It's high times on the South side, now that seven straight victories have brought the Sox into 1st place for the first time since the beginning of the month. May 30th is already later than the Sox were in 1st place at any point last season. Last season was rough.
Paul Konerko's 14-game hitting streak came to an end Tuesday, but he won American Player of the Week honors for hitting 14 of 24 with four doubles, three home runs, two walks, ten runs scored and ten RBI.
Konerko is now the only American League player to win the award twice this season, which might be more conducive to being named MVP than leading the league in wins above replacement. That said, something drastic will have to happen for Josh Hamilton to fall out of favor.
Kevin Goldstein of Baseball Prospectus has been referring to Konerko as having "the best approach in baseball" of recent, and elaborated further on a recent podcast, describing it as "Konerko has an oval, and anything outside of it, he doesn't swing at. Anything inside of it, he kills."
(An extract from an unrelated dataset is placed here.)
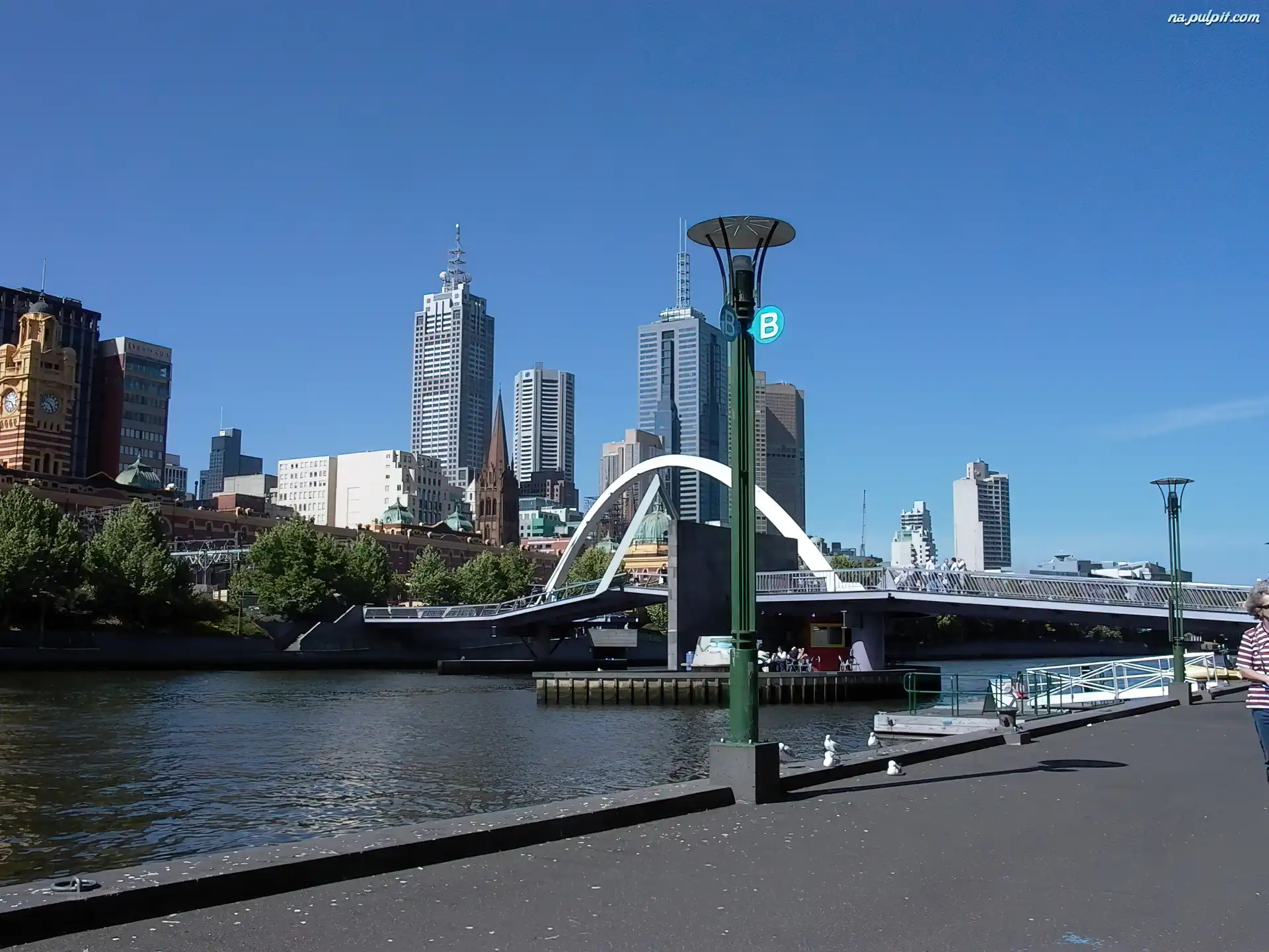 Wieżowce, Woda, Australia, Melbourne, Most Na Pulpit

Mark Gonzales points out that Konerko's hitting skills have driven his success more than most, since his lack of speed makes him almost completely incapable of legging out an infield hit.
Magglio calls it quits
Now that the baseball season is two months in and hasn't featured any Magglio Ordonez, he's announcing his retirement and the Tigers are setting up to celebrate his career. Since the White Sox won the title the season after he left under contentious circumstances, and the bulk of Ordonez's playoff appearances and national exposure came in Detroit.
However, he played 154 more games in a White Sox uniform than a Detroit one, and saw the peak of his power-hitting career in Chicago, compiling four straight 30+ HR seasons from 1999-2002. It ended in 2003, when he hit 29. He also represented the White Sox in four All-Star games.
There was a point in time where Magglio was on the same team with Frank Thomas and Paul Konerko, and was better than both of them.
Konerko called him, "Definitely the best all-around player that I played with."
Cooper has no time for pitch counts
Don Cooper lashed out at suggestions that Chris Sale ran up too high of a pitch count on Monday, and did so with vigor.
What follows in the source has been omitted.